Locked in a cat-and-mouse game with spammers who use bots to defeat anti-fraud mechanisms and create fake accounts, Google today announced a deal to acquire reCAPTCHA, a company that provides those squiggly words at login screens.
The ReCAPTCHA deal isn’t exactly a security transaction. Strategically, it gives Google an excellent crowd-sourcing tool to beef up its already impressive machine-vision algorithms (think book-scanning and maps) but, in the long run, the ability to use CAPTCHAs that are near-impossible for bots to decipher allows Google to raise the bar significantly in the fight against bots and spam.
According to Adam O’Donnell, director of emerging technologies at anti-spam firm Cloudmark, believes this is a very smart purchase by Google.
“Google already has the best computer-vision techniques. The way ReCAPTCHA works, this means that Google will only be presenting CAPTCHA words that are very difficult for a bot to defeat,” O’Donnell explained.
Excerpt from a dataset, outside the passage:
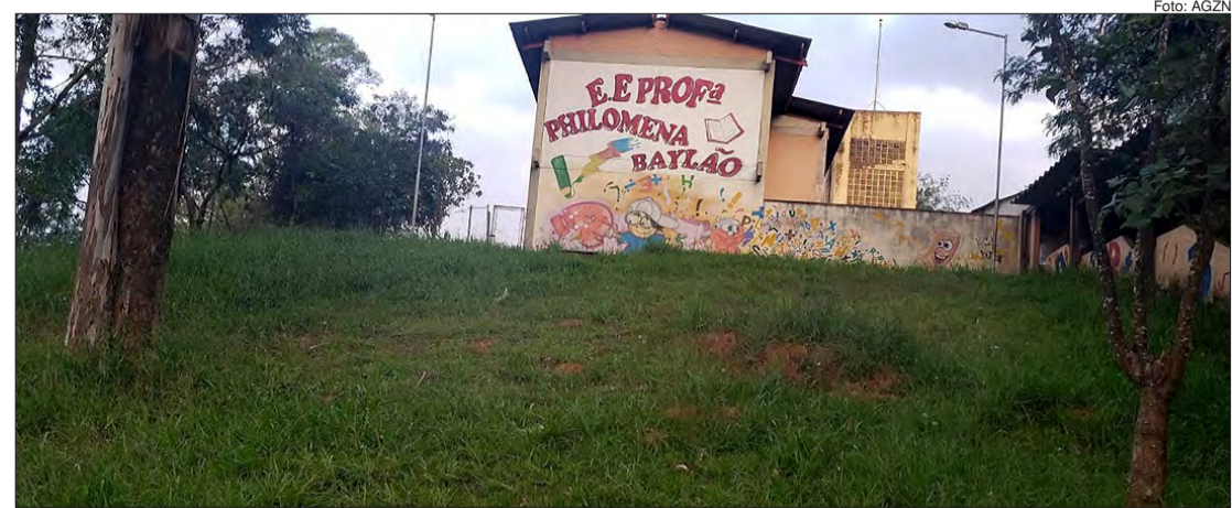
Escola Estadual Professora Philomena Baylao

O ano letivo foi retomado na última segunda-feira (27), com o ensino por meio dos aplicativos: Centro de Mídias SP (CMSP) e dos canais digitais 2.2 - TV Univesp e 2.3 - TV Educação. Os kits com materiais pedagógicos começaram a ser distribuídos.

The words presented by the ReCAPTCHA service come from scanned printed material (archival newspapers and old books). As Google explains here, computers find it hard to recognize these words because the ink and paper have degraded over time, but by typing them in as a CAPTCHA, crowds teach computers to read the scanned text.
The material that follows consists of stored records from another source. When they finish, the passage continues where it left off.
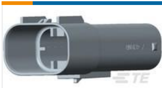
TE 产品编号 2103169-2 OUTER HOUSING, CAP, KEY B, HVA280-2PHM
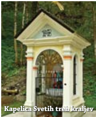
Kapelica Svetih treh kraljev

Cerkev je bila posvečena 14. 10. 1877, naslednje leto pa je bil narejen nov glavni oltar. V sredini oltarja je kip Loretske Matere Božje z Jezusom v naročju, pod njo pa angeli po morju prinašajo Marijino hišo iz Nazareta v mesto Loretto.
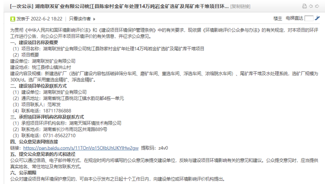
图 2.2-1 第一次网络公示截图
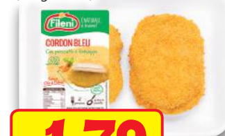
FILENI Cordon Bleu Classico x 2 g 250 (al kg € 7,16)
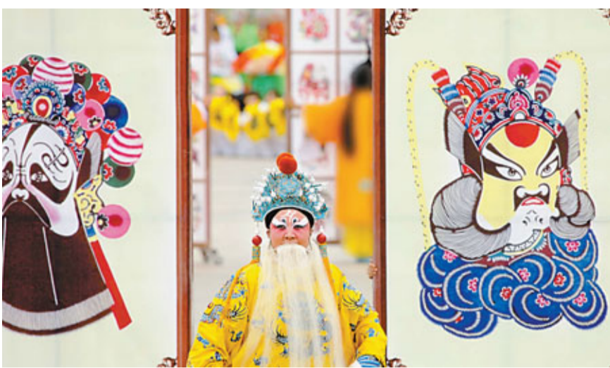
蔚縣剪紙年產值已達4億元,圖為蔚縣國通剪紙廠的展出作品。

有限公司等上百家文化龍頭企業的孕育出爐,該市蔚縣剪紙、影視基地、壩上「二人台」等形成多條文化產業鏈,年產值達到16億元,文化和產業相結合的路子越走越寬。

In this way, reCAPTCHA’s unique technology improves the process that converts scanned images into plain text, known as Optical Character Recognition (OCR). This technology also powers large scale text scanning projects like Google Books and Google News Archive Search. Having the text version of documents is important because plain text can be searched, easily rendered on mobile devices and displayed to visually impaired users. So we’ll be applying the technology within Google not only to increase fraud and spam protection for Google products but also to improve our books and newspaper scanning process.
Earlier this year, Researchers at Google recently released a paper detailing a new CAPTCHA system consisting of correct image rotation (Socially Adjusted CAPTCHAs) whose main purpose is to make it easier for humans, and much harder for bots to recognize them.